44. La déconstruction du discours dominant est une des étapes de la définition des positions à prendre sur les migrations. Nous retiendrons qu’il convient d’organiser différemment les différentes propositions : l’évolution des flux migratoires, le rôle des frontières dans la régulation de la mondialisation, la place des discriminations et du racisme, le rôle des réglementations dans l’illégalité et la situation des clandestins, la continuité entre les clandestins, les immigrés en situation régulière et les autres catégories de citoyens, les rapports entre développement et migrations. La définition des politiques migratoires dépend des situations. Dans le contexte de la phase actuelle de la mondialisation, nous devons définir les principes qui permettent de fonder des alternatives en termes de propositions et de politiques. Avant cela, il convient de s’interroger sur les pratiques des migrants et sur les nouvelles perspectives qu’elles ouvrent dans la compréhension des transformations sociales et de la mondialisation.

Un programme de mobilisation

45. Un programme de mobilisation se dégage des diverses discussions. Il met en avant six principes de base : la dignité ; les droits des migrants ; la lutte contre le racisme ; la redéfinition du développement ; la liberté de circulation ; le droit international.

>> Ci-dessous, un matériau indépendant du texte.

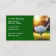 Tarjetas de visita para un negocio de golf diseñado con un gráfico genial de una pelota de golf en un armario T de golf con una hermosa luz matutina en el campo de golf y una sencilla plantilla editable que puede personalizar en línea.

46. La dignité est le fondement de toutes les propositions. Les migrants doivent être reconnus comme acteurs de la transformation des sociétés de départ et d’accueil et comme acteurs de la transformation du monde

47. Le respect des droits des migrants s’inscrit dans le cadre du respect des droits de tous. Le droit des étrangers doit être fondé sur l’égalité des droits et non sur l’ordre public. Les infractions pour les droits au séjour doivent être dépénalisées. Les centres de rétention doivent être remis en cause. La citoyenneté de résidence, qui implique l’élargissement du droit de vote, est aujourd’hui un des principaux fondements démocratique de nos sociétés.

48. La lutte contre toutes les formes de discrimination, de racisme et de xénophobie doit être le fondement des politiques publiques. Elle doit impliquer tous les secteurs des sociétés. Elle doit être appuyée sur le droit international.

49. Les rapports entre migrations et développement doivent être réexaminés. Le développement doit être défini à partir de l’accès aux droits pour tous. Les accords économiques entre pays ne peuvent pas servir de chantage pour le contrôle des migrations. L’urgence écologique met en évidence les risques des migrations environnementales. Les impératifs du nouveau développement, le social, l’écologie, la démocratie, la géopolitique, caractérisent les défis que rencontrent les questions des migrations.

50. La liberté de circulation et d’établissement fait partie des droits fondamentaux. Les visas de courte durée doivent être assouplis, voire supprimés. Les politiques de visas ne peuvent pas être fondés sur l’humiliation. La liberté d’établissement peut être encouragée dans les accords régionaux et s’appuyer sur les citoyennetés régionales. A l’échelle internationale, la liberté d’établissement nécessite de progresser pour la protection sociale universelle

51. La garantie du respect des droits des migrants doit être renforcée dans le droit international. Dans une première étape minimale, la convention internationale pour les droits des migrants et de leurs familles doit être ratifiée. Une conférence des chefs d’Etat sur la question des migrations et de la liberté de circulation devrait être convoquée dans le cadre des Nations unies.

52. Ces principes de base définissent les positions du mouvement altermondialiste sur les questions des migrations. Leur approfondissement permet de rejoindre la cohérence des positions générales du mouvement et contribue à construire cette cohérence. Ils se réfèrent à la solidarité internationale comme une des principales valeurs de référence par rapport au cours dominant de la mondialisation.